*Task goal*
Take from the entries below the stretch from the line with "AV女優以外では、スタイル抜群の嬢・ほんわかとした癒し系の嬢が多いですね。" through the line with "备注:公示期内,如对上述成绩", and return it exactly, leaving the pictures out.

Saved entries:

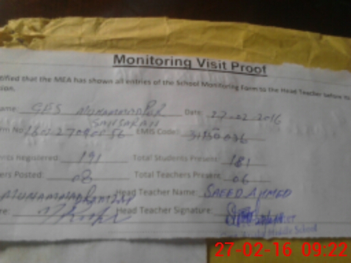 | Certified that this School was Inspected by the Undersigned MEA/DMO Today and the Information Stated Above is as Per Record. | |||||
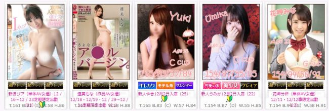 AV女優以外では、スタイル抜群の嬢・ほんわかとした癒し系の嬢が多いですね。
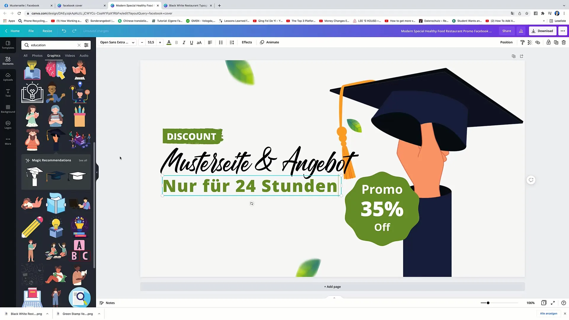 Chcete-li přidat další prvky, jděte do možností grafiky. Zde můžete vyhledávat určité symboly nebo obrázky, které se hodí k vašemu tématu, např. zadáním "Vzdělání".
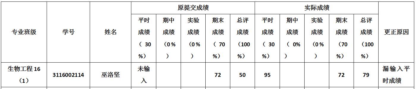 备注:公示期内,如对上述成绩变更有异议,请与live007比分 教务办联系(电话:39322203,地址:工4-201-3)
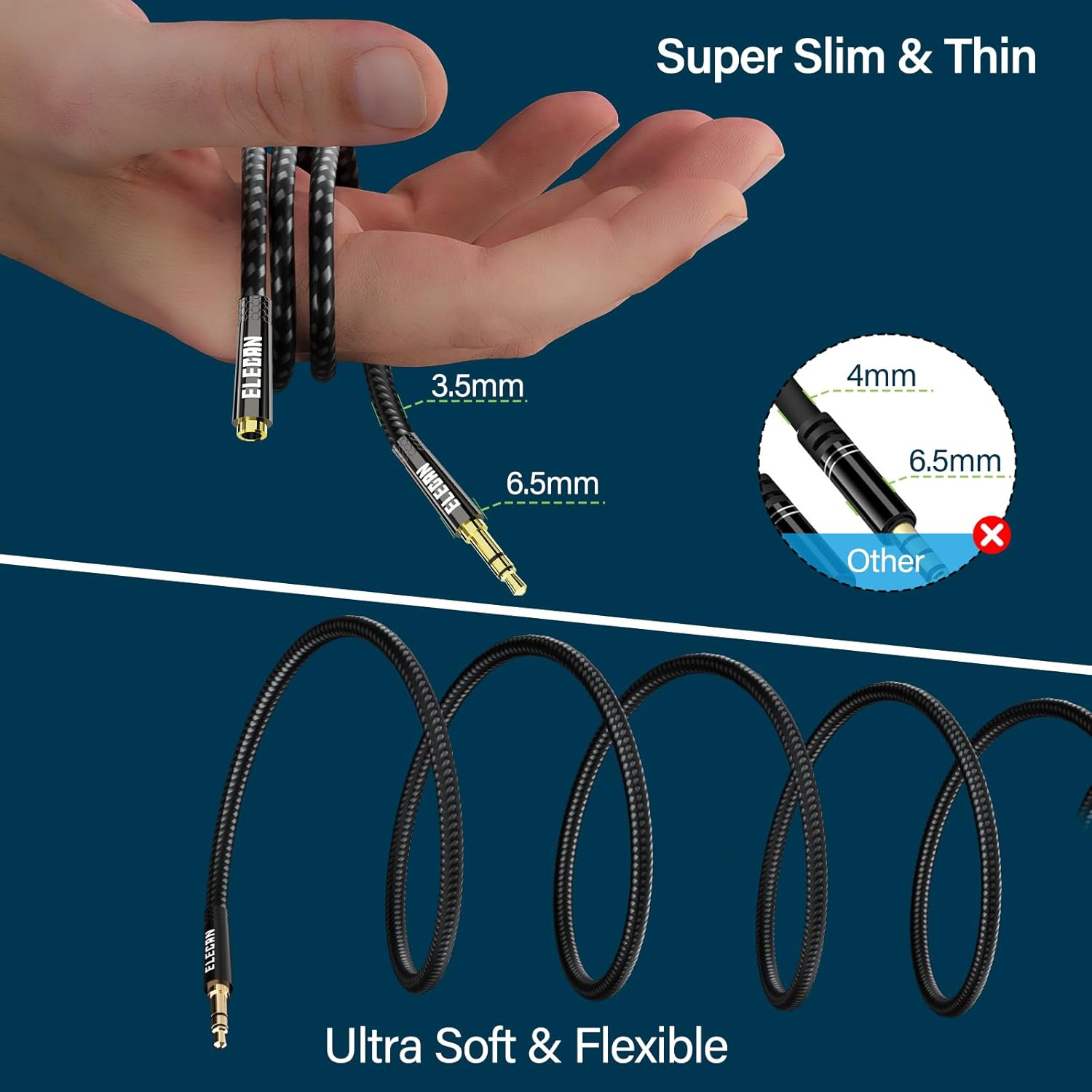 - Why Choose Us: Use this product to extend your headphone cable and expand its range, freeing you from being tied to your desk----Zinc alloy shell and tangle-resistant nylon braided exterior further enhance durability----The cable's outer diameter is only 3.5mm, thinner than most other aux cables on the market, making it more flexible and easy to pass through narrow holes----The connector features a stepped design, ensuring it won’t get stuck even with thicker phone cases---More slender and compact, easy to store, perfect for travel
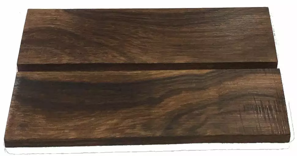 Desert Ironwoods heartwood ranges from an orangish yellow to a darker red or brown, with darker violet to black streaks. Some pieces may be almost entirely black. Narrow yellow sapwood is clearly demarcated from heartwood. Due to the small size of the tree, the grain can be wild or gnarled in apperaence. It has a fine even texture and excellent natural luster. This is a very dense wood.

*Answer to this exercise*
 AV女優以外では、スタイル抜群の嬢・ほんわかとした癒し系の嬢が多いですね。
 Chcete-li přidat další prvky, jděte do možností grafiky. Zde můžete vyhledávat určité symboly nebo obrázky, které se hodí k vašemu tématu, např. zadáním "Vzdělání".
 备注:公示期内,如对上述成绩变更有异议,请与live007比分 教务办联系(电话:39322203,地址:工4-201-3)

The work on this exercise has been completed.